Not a Cult

Not a Cult

Not a Cult

# Reflecting on the Scriptures

Not a Cult

Our readings this week are 1 John 2:7-17 and Matthew 11.16–19, 25–end.

I'm sure it's a truth across all vocations and occupations - but a thing I'm particularly aware of in mine is that whatever you do you can't please everybody!  Whether it's pews or chairs, drums or organs, long-grass or finely-mowed graveyards there's always someone who thinks we should be doing the opposite... so I'm sorry, for whatever it is I've got 'wrong' most recently!

Jesus himself faced the same sorts of contradictory criticisms - as he points out in Matthew 11:18-19, 'For John came neither eating nor drinking, and they say, “He has a demon”; the Son of Man came eating and drinking, and they say, “Look, a glutton and a drunkard, a friend of tax-collectors and sinners!”' There was for him, too, no way to be a prophet that would please everyone.

But Jesus wasn't driven by popular approval.  I might even push that to say he didn't seek or need anyone's approval.  At least not anyone mortal.  His measure seems always to have been, in any moment, whether or not something was pleasing to God.

In his first letter, St. John invites us to have the same attitude, 'Do not love the world or the things in the world,' he writes, 'the world and its desire are passing away, but those who do the will of God live for ever.' It's an invitation to follow the example of Christ, seeking first not the approval of the moment's trends, fashions or ideals - all of which will pass in time - but instead seeking to please the one who creates and sustains us both now and for ever.

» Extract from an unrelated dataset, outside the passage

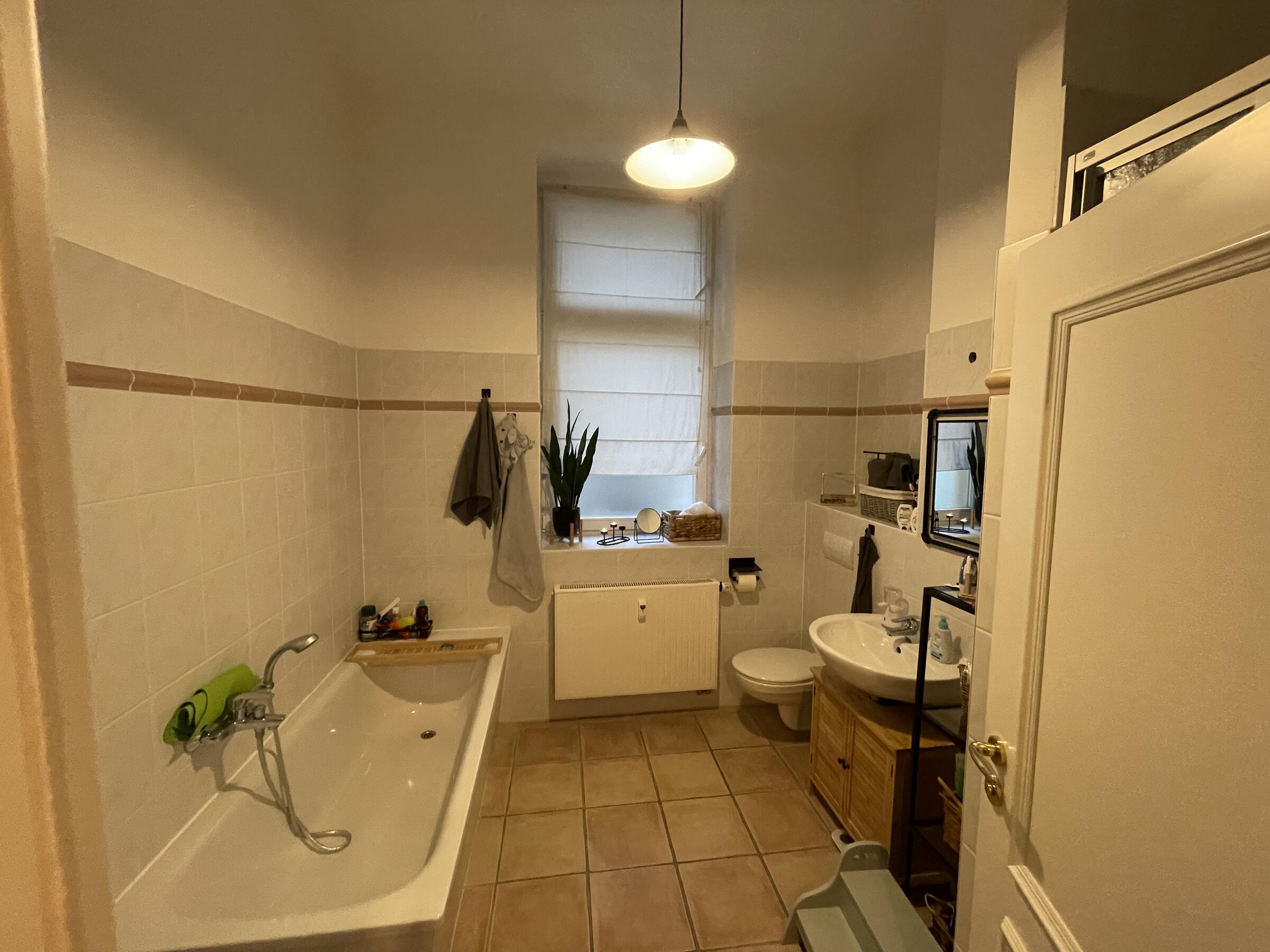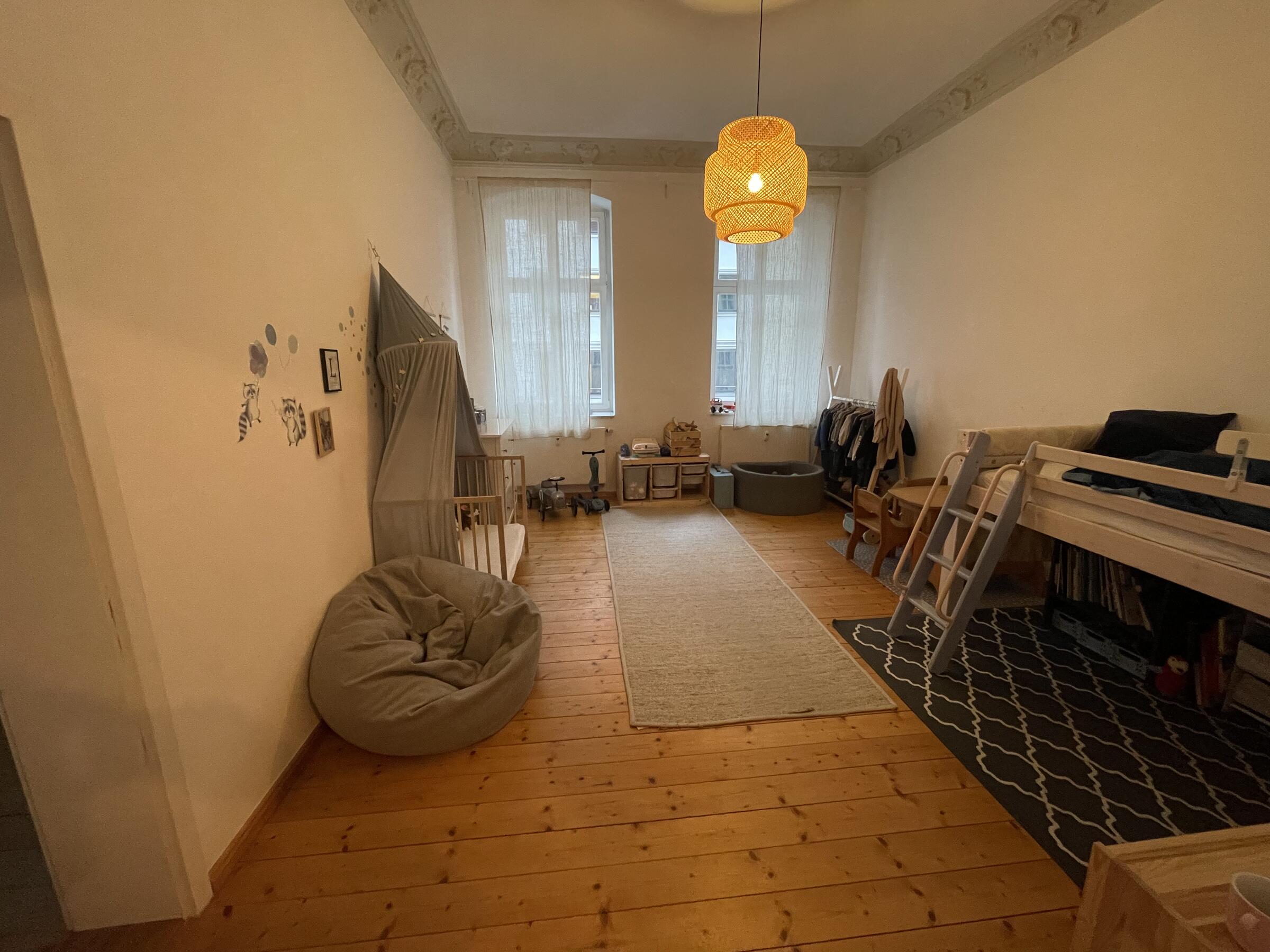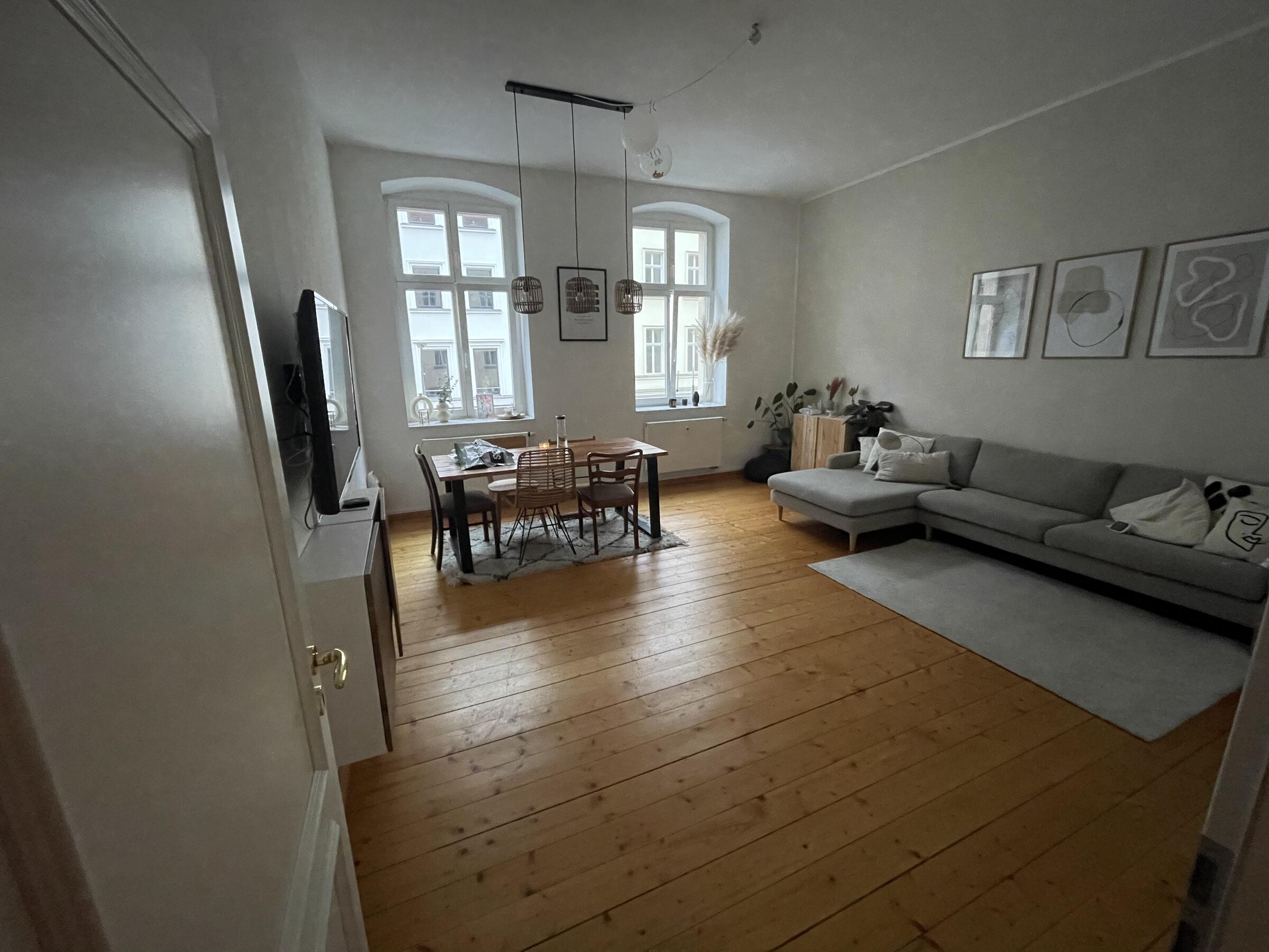 Unsere 100 m² große Wohnung befindet sich im Herzen von Berlin Mitte und überzeugt durch eine schlichte und minimalistische Einrichtung im skandinavischen Stil. Durch die eher dezenten und neutralen Erdtönen hat die Wohnung einen gewissen Altbau-Charme. Unsere Wohnung ist von morgens bis abends lichtdurchflutet. Wir sind die einzigen Bewohner im Haus, wodurch eine ungestörte und ruhige Atmosphäre besteht. In allen Räumen, außer der gefliesten Küche und des gefliesten Bad, ist Holzparkett verlegt worden, wodurch die Wohnung eine gewisse Wärme und Gemütlichkeit ausstrahlt. Wir freuen uns auf Ihre Anfrage.

In the way he puts it (and indeed in pretty much everything he writes!), he offers us a very quick litmus test to check what would be pleasing to God: is this, whatever it is, loving?  Does this way of thinking/being/behaving leave this person in front of me more fulfilled, more realised, more whole? As he writes, 'Whoever loves a brother or sister lives in the light, and in such a person there is no cause for stumbling.'

And that's actually why I think the massed variety of our thoughts and opinions about who and what we are as a community is such a great thing. It's why the fact I can get it 'wrong' so often is a testament to something wonderful: the church of Christ is not a cult. We're not an homogeneous group, same-thinking is not our purpose or agenda. We are a found-family, a vibrant tapestry of all sorts of people, with all sorts of opinions and ideas. That we are held together through those differences, that we can seek a common good in and through them can be miraculous, and a potent sign of the presence of God's Kingdom - because we can only do it in and through love.

We have to see the person in front us, not what they think - or whether or not we agree with how they live, or the choices they've made (about hymns or anything else!) - because when we see the person, we see the child of God. And when we see the child, we see the Father.